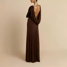Embrace your confidence and elegance with this deep V-neck backless maxi dress. Crafted for those special nights, this figure-hugging dress is designed to turn heads at any party or club event. Featuring a flattering high waist and a sexy backless design, it adds a touch of allure while keeping you effortlessly chic. The long sleeves provide balance to the daring cut, making it the perfect dress for autumn soirées.Key Features
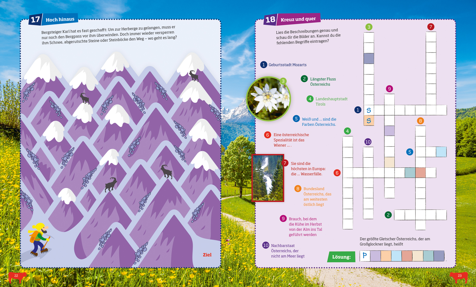 Welche Seen, Berge, Städte und kulinarischen Spezialitäten gibt es in Österreich? Was wissen wir über Geschichte, Kultur und Politik des Landes? Buchstaben- und Logikrätsel, Labyrinthe und Quizfragen, Ratekrimis und viele andere Rätsel veranschaulichen Wissenswertes im Detail. Die Lösungen sind am Ende des Heftes zu finden. Ein Teil der Sticker wird zum Rätseln gebraucht, die anderen sind universell einsetzbar - auch für Brotbox, Schulheft und Co!
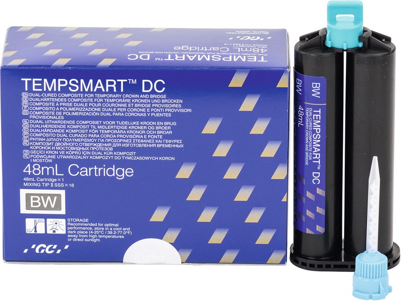 Dualhärtendes Material für provisorische Kronen & Brücken Schnell und effizient zur finalen Restauration Seine Kompetenz und Erfahrung im Bereich der provisorischen Materialien hat GC bereits seit langem mit der äußerst erfolgreichen Unifast Produktreihe unter Beweis gestellt. GC ist stolz darauf, eine echte Weiterentwicklung präsentieren zu können, die im Bereich der temporären Kronen und Brücken etwas völlig Neues bietet. Mit TEMPSMART™ DC führt GC eine neue Technologie ein, durch die Sie das erste dualhärtende und weichmacherfreie Material nutzen können. Entwickelt wurde es durch den einzigartigen Einsatz der Technologiekombination von Netzwerken aus langen Polymerketten mit ultrafeinen MFR-Füllstoffen - das Ergebnis ist ein hochmodernes Material für Provisorien. Es zeichnet sich durch nicht klebende und glatte Oberflächen ohne Inhibitionsschicht aus, perfekt für eine schnelle Politur und hohe Bruchfestigkeit für großspannige Brücken.
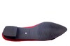 Ballerina op spitse leest en chique combinatie van roestoranje suede, bruin leer en zwart lakneusje. Over het voorblad een zwart-bruin ornament om de combinatie helemaal af te maken. Dit ontwerp is er ook in pumpvorm op hak van 5 cm in blauw-zwart combinatie.

* [EXERCISE]
Output the lines above in full and exactly as given, omitting any pictures.

* [OUTPUT FOR THIS EXERCISE]
Embrace your confidence and elegance with this deep V-neck backless maxi dress. Crafted for those special nights, this figure-hugging dress is designed to turn heads at any party or club event. Featuring a flattering high waist and a sexy backless design, it adds a touch of allure while keeping you effortlessly chic. The long sleeves provide balance to the daring cut, making it the perfect dress for autumn soirées.Key Features
 Welche Seen, Berge, Städte und kulinarischen Spezialitäten gibt es in Österreich? Was wissen wir über Geschichte, Kultur und Politik des Landes? Buchstaben- und Logikrätsel, Labyrinthe und Quizfragen, Ratekrimis und viele andere Rätsel veranschaulichen Wissenswertes im Detail. Die Lösungen sind am Ende des Heftes zu finden. Ein Teil der Sticker wird zum Rätseln gebraucht, die anderen sind universell einsetzbar - auch für Brotbox, Schulheft und Co!
 Dualhärtendes Material für provisorische Kronen & Brücken Schnell und effizient zur finalen Restauration Seine Kompetenz und Erfahrung im Bereich der provisorischen Materialien hat GC bereits seit langem mit der äußerst erfolgreichen Unifast Produktreihe unter Beweis gestellt. GC ist stolz darauf, eine echte Weiterentwicklung präsentieren zu können, die im Bereich der temporären Kronen und Brücken etwas völlig Neues bietet. Mit TEMPSMART™ DC führt GC eine neue Technologie ein, durch die Sie das erste dualhärtende und weichmacherfreie Material nutzen können. Entwickelt wurde es durch den einzigartigen Einsatz der Technologiekombination von Netzwerken aus langen Polymerketten mit ultrafeinen MFR-Füllstoffen - das Ergebnis ist ein hochmodernes Material für Provisorien. Es zeichnet sich durch nicht klebende und glatte Oberflächen ohne Inhibitionsschicht aus, perfekt für eine schnelle Politur und hohe Bruchfestigkeit für großspannige Brücken.
 Ballerina op spitse leest en chique combinatie van roestoranje suede, bruin leer en zwart lakneusje. Over het voorblad een zwart-bruin ornament om de combinatie helemaal af te maken. Dit ontwerp is er ook in pumpvorm op hak van 5 cm in blauw-zwart combinatie.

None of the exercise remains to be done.